Stored data -
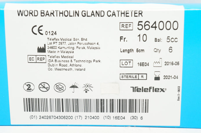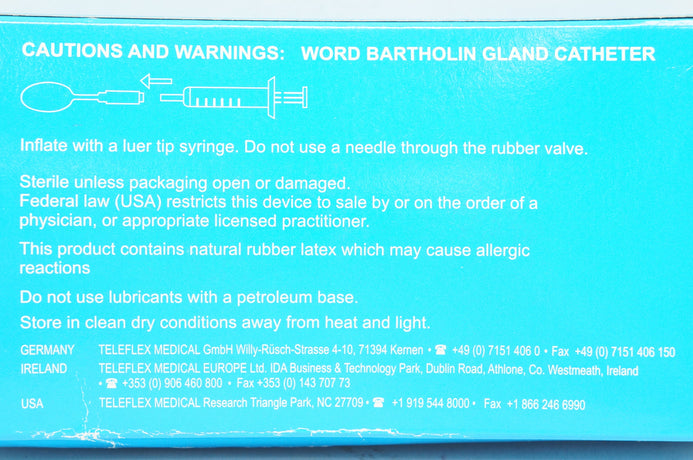 Teleflex 564000 Word Bartholin Gland Catheter 10Fr x 5cm, 5cc
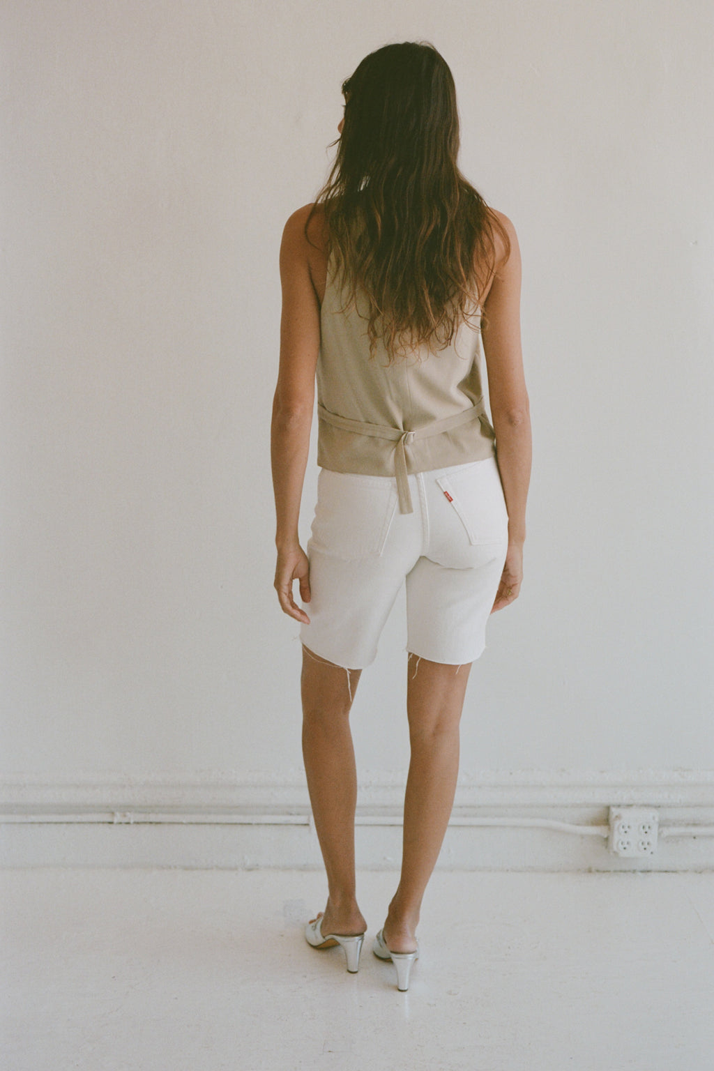 Vintage tan corduroy vest with belted back.
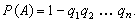 Р (A) = 1 — q 1 q 2... q n.(*)
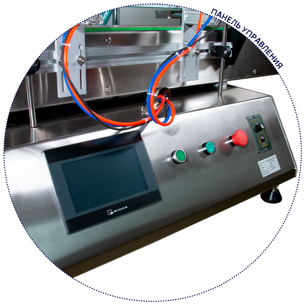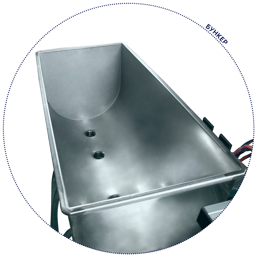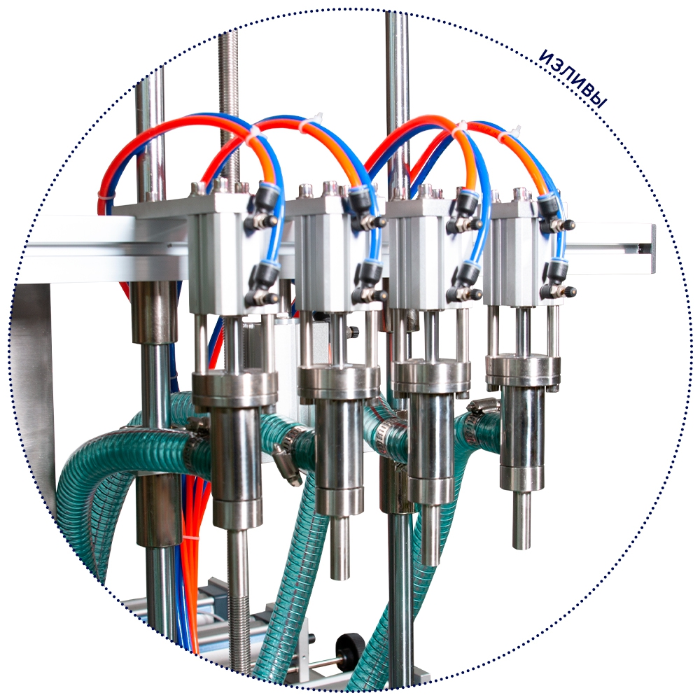 Оборудование оснащено высокоточным поршневым дозатором, который обеспечивает точное дозирование жидкостей. В стандартной комплектации на дозаторе установлено 4 излива, при необходимости, возможны комплектации под заказ с 2 или 6 изливами. Управление дозатором осуществляется оператором на мониторе. Корпус оборудования выполнен из нержавеющей стали, что обеспечивает его долговечность и устойчивость к коррозии. Если требуется дозирование определенного вида жидкости, можно установить опциональный бункер с перемешиванием и подогревом. В стандартной комплектации есть перемешивание в бункере.

Problem details -
Make an exact copy of the whole listing, but don't bring over any pictures.

Written answer -
 Teleflex 564000 Word Bartholin Gland Catheter 10Fr x 5cm, 5cc
 Vintage tan corduroy vest with belted back.
 Р (A) = 1 — q 1 q 2... q n.(*)
 Оборудование оснащено высокоточным поршневым дозатором, который обеспечивает точное дозирование жидкостей. В стандартной комплектации на дозаторе установлено 4 излива, при необходимости, возможны комплектации под заказ с 2 или 6 изливами. Управление дозатором осуществляется оператором на мониторе. Корпус оборудования выполнен из нержавеющей стали, что обеспечивает его долговечность и устойчивость к коррозии. Если требуется дозирование определенного вида жидкости, можно установить опциональный бункер с перемешиванием и подогревом. В стандартной комплектации есть перемешивание в бункере.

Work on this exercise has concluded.